## GIVEN DATA:

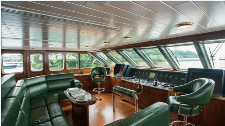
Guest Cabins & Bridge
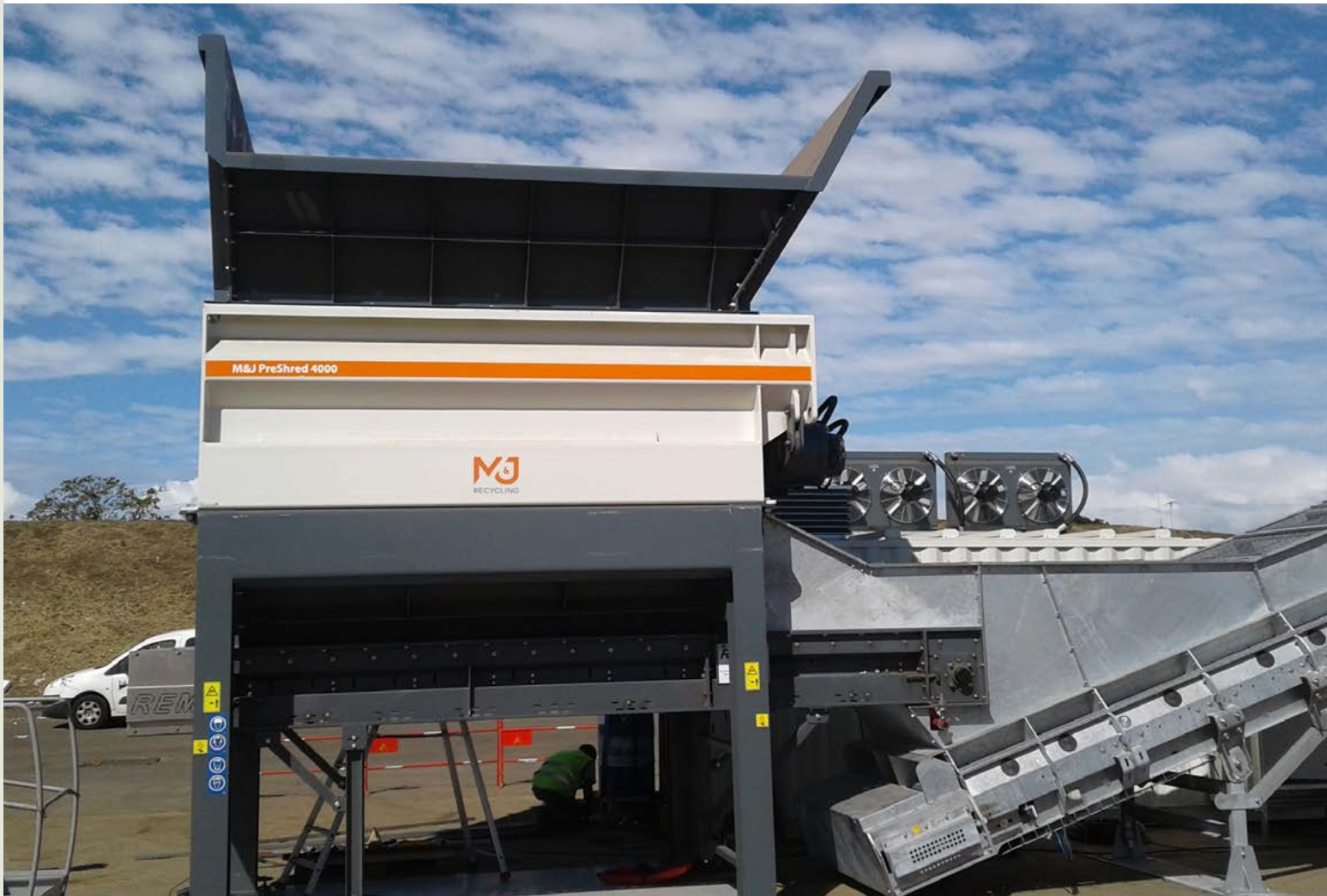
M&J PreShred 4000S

==

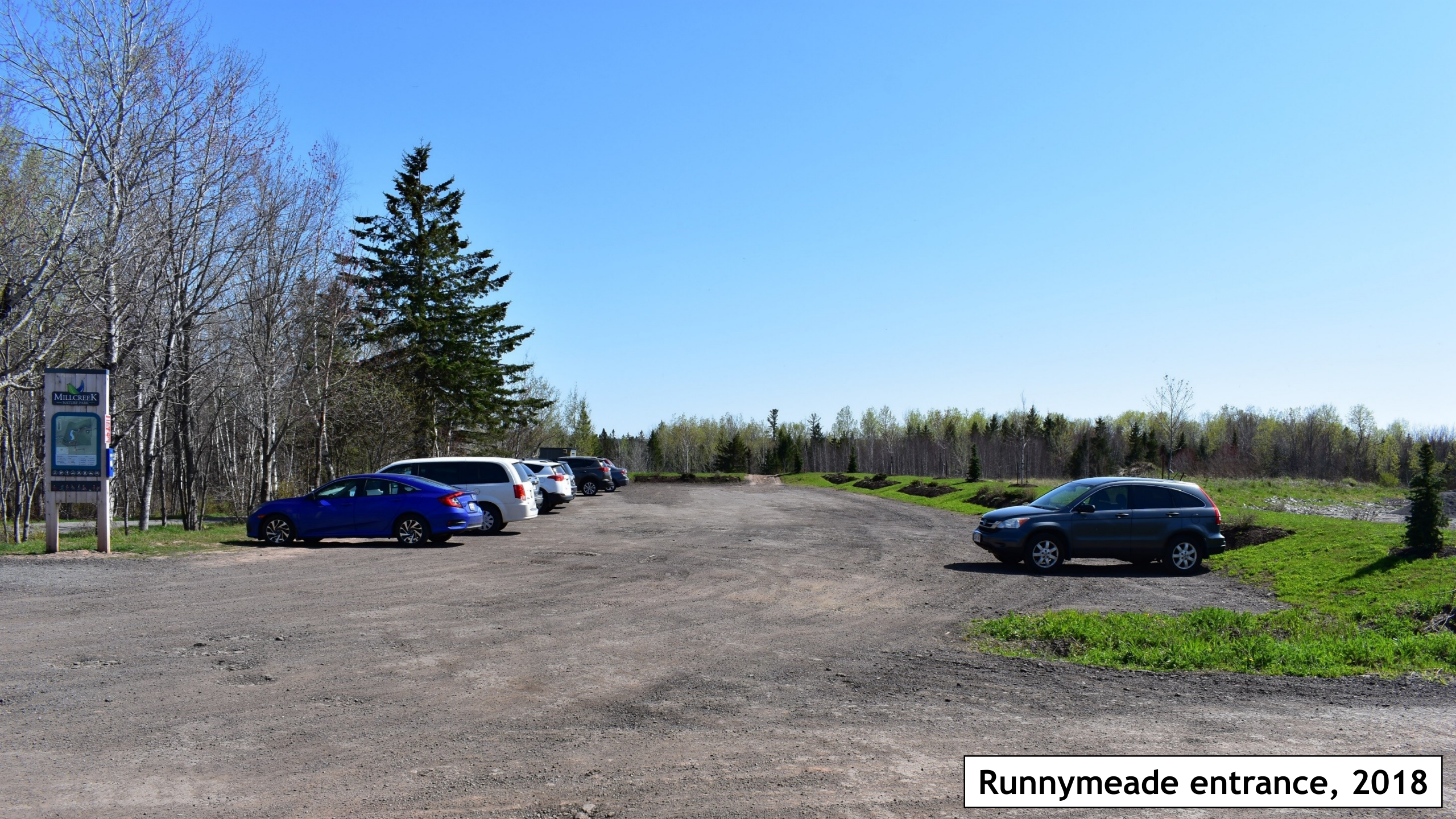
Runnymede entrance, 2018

* * *

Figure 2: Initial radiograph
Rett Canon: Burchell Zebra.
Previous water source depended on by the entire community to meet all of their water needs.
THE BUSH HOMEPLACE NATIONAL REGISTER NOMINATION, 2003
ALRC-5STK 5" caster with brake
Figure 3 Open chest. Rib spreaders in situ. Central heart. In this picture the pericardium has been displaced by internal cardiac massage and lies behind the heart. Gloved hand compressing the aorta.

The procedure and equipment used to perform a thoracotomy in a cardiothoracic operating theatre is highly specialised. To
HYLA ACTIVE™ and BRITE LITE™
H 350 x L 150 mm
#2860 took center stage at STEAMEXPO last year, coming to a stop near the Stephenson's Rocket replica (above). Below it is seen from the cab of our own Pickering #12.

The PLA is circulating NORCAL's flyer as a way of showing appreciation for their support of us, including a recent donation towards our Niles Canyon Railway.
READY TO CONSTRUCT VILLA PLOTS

## INSTRUCTIONS TO FOLLOW:
Output the lines above exactly, but only those between the line holding "Previous water source" and the line holding "READY TO CONSTRUCT VILLA PLOTS", inclusive.

## OUTPUT OF THE TASK:
Previous water source depended on by the entire community to meet all of their water needs.
THE BUSH HOMEPLACE NATIONAL REGISTER NOMINATION, 2003
ALRC-5STK 5" caster with brake
Figure 3 Open chest. Rib spreaders in situ. Central heart. In this picture the pericardium has been displaced by internal cardiac massage and lies behind the heart. Gloved hand compressing the aorta.

The procedure and equipment used to perform a thoracotomy in a cardiothoracic operating theatre is highly specialised. To
HYLA ACTIVE™ and BRITE LITE™
H 350 x L 150 mm
#2860 took center stage at STEAMEXPO last year, coming to a stop near the Stephenson's Rocket replica (above). Below it is seen from the cab of our own Pickering #12.

The PLA is circulating NORCAL's flyer as a way of showing appreciation for their support of us, including a recent donation towards our Niles Canyon Railway.
READY TO CONSTRUCT VILLA PLOTS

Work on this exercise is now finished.